An initialized gnutls_x509_crt_t.

Returns :

The serial number of the certificate, or NULL. Free with g_free() after use.

inf_cert_util_get_fingerprint ()

gchar *             inf_cert_util_get_fingerprint       (gnutls_x509_crt_t cert,
                                                         gnutls_digest_algorithm_t algo);

Returns the fingerprint of the certificate hashed with the specified algorithm, in hexadecimal format. If the fingerprint cannot be read NULL is returned.

cert :

An initialized gnutls_x509_crt_t.

algo :

The hashing algorithm to use.

Returns :

The fingerprint of the certificate, or NULL. Free with g_free() after use.

inf_cert_util_get_activation_time ()

gchar *             inf_cert_util_get_activation_time   (gnutls_x509_crt_t cert);

Returns the activation time of the certificate as a string in human-readable format.

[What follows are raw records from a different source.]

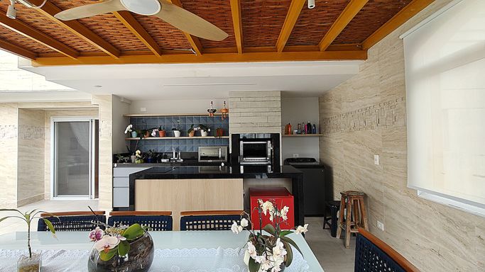 Espaços Gourmet e Festas: Ambientes decorados e equipados para receber convidados com a sofisticação de um lounge de luxo.
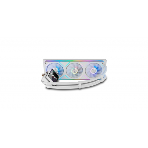 - Compatible con Intel y AMD - Pantalla LCD magnética personalizable - Espejo infinito en la parte superior e inferior - Tres ventiladores de 120 mm PWM - Iluminación ARGB - Radiador triple de aluminio - Fácil montaje e instalación
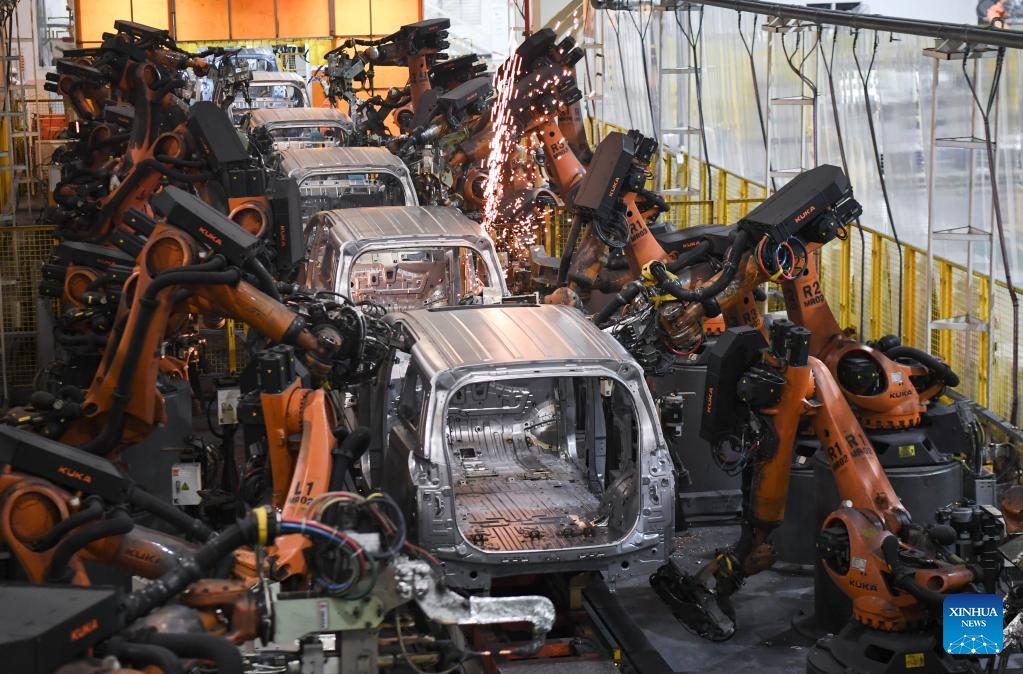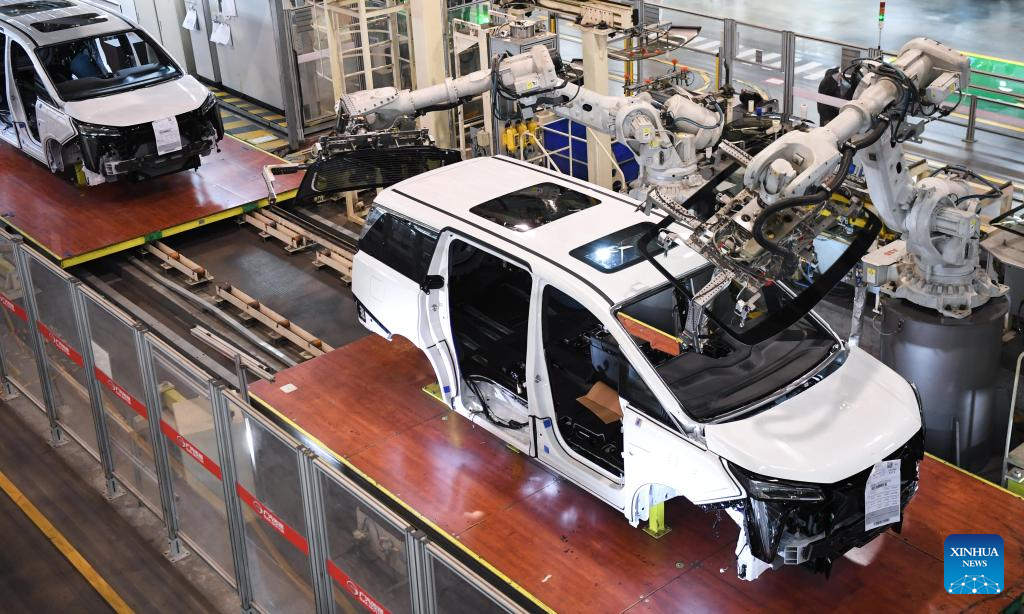 People work at a workshop of GAC Motor in Guangzhou, south China's Guangdong Province, March 20, 2023. (Xinhua/Deng Hua)
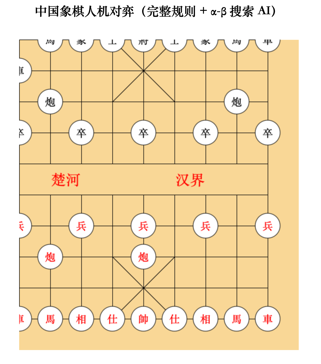 <h2>中国象棋人机对弈(完整规则 + α-β 搜索 AI)</h2>

If the activation time cannot be read NULL is returned.

cert :

An initialized gnutls_x509_crt_t.

Returns :

The activation time of the certificate, or NULL. Free with g_free() after use.

inf_cert_util_get_expiration_time ()

gchar *             inf_cert_util_get_expiration_time   (gnutls_x509_crt_t cert);

Returns the expiration time of the certificate as a string in human-readable format. If the expiration time cannot be read NULL is returned.

cert :

An initialized gnutls_x509_crt_t.

Returns :

The expiration time of the certificate, or NULL. Free with g_free() after use.